Gordov ordered his corps commanders on February 4 to begin committing their second echelon divisions to expand the penetration and, in particular, to seize crossings over the Luchesa. Although partly frozen, the river was almost 50m wide, 1.5m-4.5m deep, and had banks with 45-60 degrees of slope, making it a formidable obstacle for both tanks and infantry. The fresh assault was preceded by a 10-15-minute artillery raid. This led to a see-saw battle that raged along the river for three days for the possession of critical bridgeheads. The 199th was committed early on the right of the 95th with orders to drive across the river east of Porotkovo. However, it was unable to crush the German forces defending their own bridgehead at Noviki, nor was the 95th able to force a crossing of its own. A virtual stalemate continued to exist on February 7, and the cost to the attackers of 39th and 33rd Armies from February 4 to 6 was more than 3,600 men killed or wounded. After failing to break cleanly through the defenses after five days of combat, Sokolovskii and Gordov desperately sought a weak place in VI Corps' defenses. The 65th Corps was moved to new attack positions west of the VitebskOrsha railroad to launch a concerted assault with 81st Corps against the bridgehead at Noviki. Five more days of fighting began on February 8, and finally on February 11 succeeded in crossing the river northwest of Starintsy and seizing a lodgment at the village of Mikhailovo. After repelling numerous counterattacks the 95th and 164th Rifle Divisions managed to carve out a 2km-deep bridgehead based on Mikhailovo, while the 199th captured Noviki but left two smaller German bridgeheads intact north and south of Bukshtyny. Although Gordov insisted on continuing the assault for three more days after February 13 it proved utterly futile due to the attrition to the attacking forces.

Later in February the 199th was transferred 65th Corps, joining the 371st Division. On February 28 it was located north of Bukshtyny. Sokolovskii was now planning for a renewed offensive across the Luchesa, again using the 33rd Army as his main shock group. 65th Corps was to force a crossing near Noviki and capture Sosnovka. Altogether, nine rifle divisions of the Army were concentrated on the Luchesa front, supported by six tank brigades with 87 tanks. These faced the 197th and 299th Infantry Divisions of VI Corps.
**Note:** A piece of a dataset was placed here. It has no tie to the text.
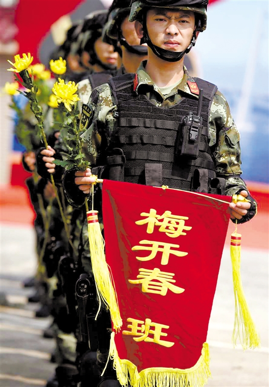 “梅开春班”旗帜被授予机动大队三中队三班,英雄精神代代相传 廖键 摄

Before the assault could begin the commander of the 3rd Panzer Army, Col. Gen. G.-H. Reinhardt, disrupted the plan by shortening his defensive line around the city. The STAVKA took this as a preliminary to a full withdrawal from the Vitebsk salient, and ordered a pursuit. At dawn on February 28 the three rifle corps of 33rd Army struck hard at VI Corps along and forward of the Luchesa after an artillery preparation. From the very outset the battle proved both intense and largely futile for Sokolovskii. The 199th and 144th Divisions captured the German bridgehead at Bukshtyny and then, on March 1, jointly forced their way across the Luchesa, seizing a small lodgment on the west bank on the approaches to Shuki. The heavy fighting raged on at Shuki through March 3-5 as Gordov concentrated all his available forces in an attempt to enlarge the bridgehead. However, Reinhardt reinforced the threatened sector with a battlegroup from 299th Infantry plus several battalions from 5th Jäger Division. These reinforcements finally counterattacked and recaptured most, although not all, of the bridgehead. With the Army's second echelon divisions already sent north for the "pursuit" there was nothing Gordov and Sokolovskii could do but look on in dismay. By March 5 the offensive ground to a halt after only minimal gains.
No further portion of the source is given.